Торжествующий Ефимий Васильевич снял шапку, широким крестом осенил себя, положил земной поклон по направлению к церкви, которая была видна за волнистым берегом и деревянными строениями, и обратившись к отцу Стефану, весело сказал:
— Ну, слава Богу, мы дома!
Время было послеобеденное, солнце склонилось к западу. Скот шел с поля, подгоняемый ребятишками.
Кругом была живая, свежая, благоухавшая зелень.
В церкви звонили к вечерне.
Скоро в поселке заметили пристававшую барку и куча ребятишек уже толпилась на берегу. Пока причаливали барку, собрались и взрослые. Ефимий Васильевич слыл и в Ельце человеком заметным, а тут был хозяином. Не прошло и четверти часа, как весь поселок собрался на берег. Ефимий Васильевич был весел. Весь его экипаж уже перекрикивался с своими на берегу.
— Отче, — обратился хозяин к монаху, — вон это моя хозяйка, видишь машет платочком, высокая, полная баба в красном сарафане.

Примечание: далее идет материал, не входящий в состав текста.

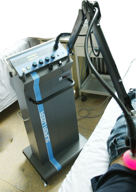 沧州市人民医院颈肩腰腿痛门诊为解除疼痛患者的痛苦,率先引进日本超激光疼痛治疗仪以绿色治疗、标本兼治为研制原则,采用最新光电技术,在600-1600nm的人体透射窗口范围内,光波输出功率最高达2200mw,对人体组织的有效作用深度可达5cm以上。它利用四种探头,通过对人体神经节、神经干、神经根和痛患局部照射,可对人体炎症性、神经性、和创伤性疼痛及功能障碍进行有效的治疗,并整体性地调节机体功能。适用于各种病症的疼痛,如颈椎病、腰椎间盘突出症、骨质增生、肩周炎、腱鞘炎、腰肌劳损,滑囊炎、坐骨神经痛、急性慢性软组织损伤、膝关节增生、神经性头痛、神经衰弱等。该科还拥有中频电疗仪、药物导入骨质增生治疗仪、超短波治疗仪及电脑自动牵引床。我院颈肩腰腿痛门诊在市级医院中独此一家。为疼痛及功能障碍患者恢复健康活力。

Но узнать было мудрено, потому что все бабы были высоки, все были полны и в красных сарафанах. Отец Стефан узнал ее по более дорогому наряду.
— А это детки твои с нею?
— Это дочка Аграфена, а то детвора все поменьше. Старшего сына не видно, верно в Ельце по делам.
Спустя некоторое время, отец Стефан и Ефимий Васильевич уже сидели за столом и лакомились разными домашними яствами, запивая домашним медом и привезенною из Таны мальвазией. Дом Ефимия Васильевича был просторный, убранство хорошее; божница с дорогими и старинными иконами, освещенными лампадками, повсюду чистые скатерти. Им прислуживала красивая моложавая хозяйка и ее хорошенькая, молоденькая и шустрая дочка, на которую то и дело поглядывал молодой монах.

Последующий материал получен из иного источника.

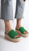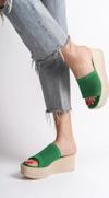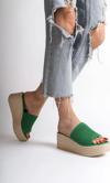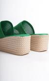 Marla Dolgu Topuklu Ortopedik Taban Hasır Görünümlü Triko Kadın Terlik - Kt Yeşil

— А где же Василий? — спрашивал у хозяйки Ефимий Васильевич.
— Поехал, Ефим Васильевич, в Елец, купить что нужно к приему гостей, что на праздник прибудут; да и для службы, что требуется.
— Это хорошо. Он у меня парень бедовый; все знает, что и как надо, — добавил Ефимий Васильевич, обращаясь к монаху. — Ну, а кто у нас будет, кого приглашали? Не забыли ли кого?
— Уж и позабыли! Без тебя так вот и шагу ступить не сумеем!
— Вот, и не так сказал, да я пошутил, — весело засмеялся Ефимий Васильевич. — А что, отец, мальвазия хороша? У Луканоса брал.
— У него все хорошо.
При этом монах с видом знатока попробовал вина и одобрительно кивнул головой.
— Так ты, Демьяновна, скажи, кто у нас будет?
— Будет, конечно, отец архимандрит.
— Так. Это уже голова торжеству. Ну–ка, отец Стефан, еще твою стопку, потому у нас так, кто не допивает, тому доливают. Дальше?
— Наш батюшка отец Андрей с причтом и приглашенными батюшками для сослужения архимандриту.
— Кто же именно? Хороша мальвазия, отче; после твоей похвалы еще вкусней показалась. А ну–ка, Демьяновна, попробуй — хороша! Ну–ка, Грушенька, и ты; винцо в пору бабам и девицам.
Демьяновна весьма охотно опорожнила стопку, для приличия покривилась и с поклоном возвратила назад. Груша пригубила, сморщилась и заметила:
— И сладкое, и душистое, только крепковатое…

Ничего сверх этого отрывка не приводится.